----- Dataset extract

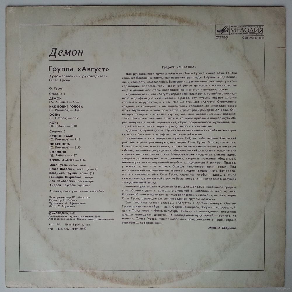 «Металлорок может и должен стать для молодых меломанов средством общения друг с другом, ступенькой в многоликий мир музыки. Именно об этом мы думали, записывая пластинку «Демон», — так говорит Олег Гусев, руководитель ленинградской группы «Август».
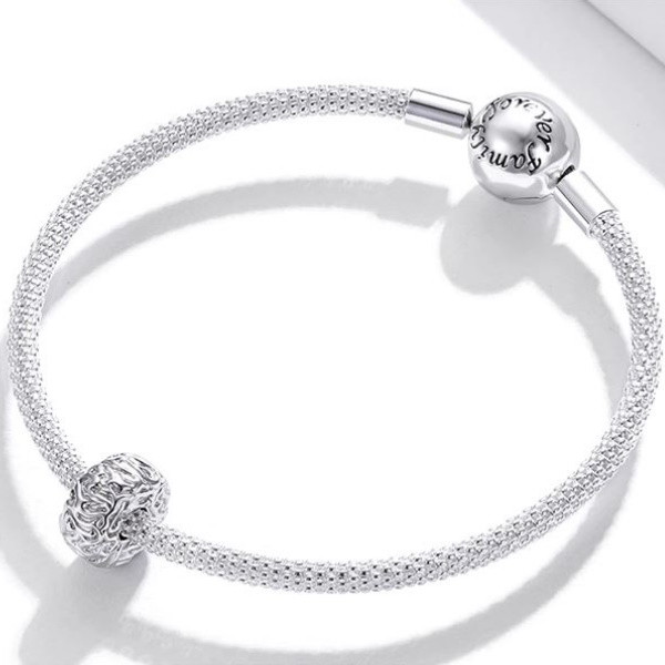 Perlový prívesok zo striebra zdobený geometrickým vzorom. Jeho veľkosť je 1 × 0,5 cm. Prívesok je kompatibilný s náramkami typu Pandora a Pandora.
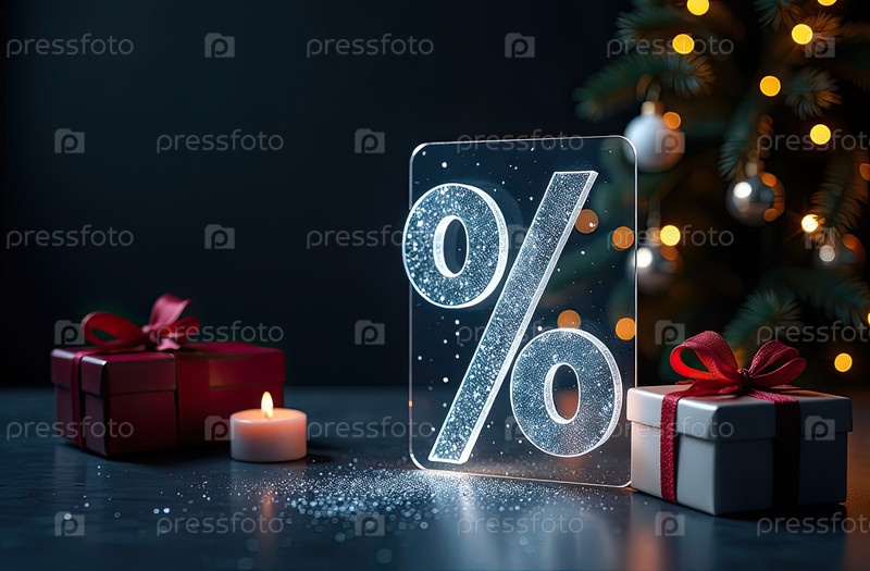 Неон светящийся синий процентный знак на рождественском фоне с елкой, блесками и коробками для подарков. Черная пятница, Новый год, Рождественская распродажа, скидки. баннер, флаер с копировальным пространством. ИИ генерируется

----------

Retype exactly the lines above, starting at the line containing "Perlový prívesok zo" and ending with the last line, both included; leave out the pictures.

 Perlový prívesok zo striebra zdobený geometrickým vzorom. Jeho veľkosť je 1 × 0,5 cm. Prívesok je kompatibilný s náramkami typu Pandora a Pandora.
 Неон светящийся синий процентный знак на рождественском фоне с елкой, блесками и коробками для подарков. Черная пятница, Новый год, Рождественская распродажа, скидки. баннер, флаер с копировальным пространством. ИИ генерируется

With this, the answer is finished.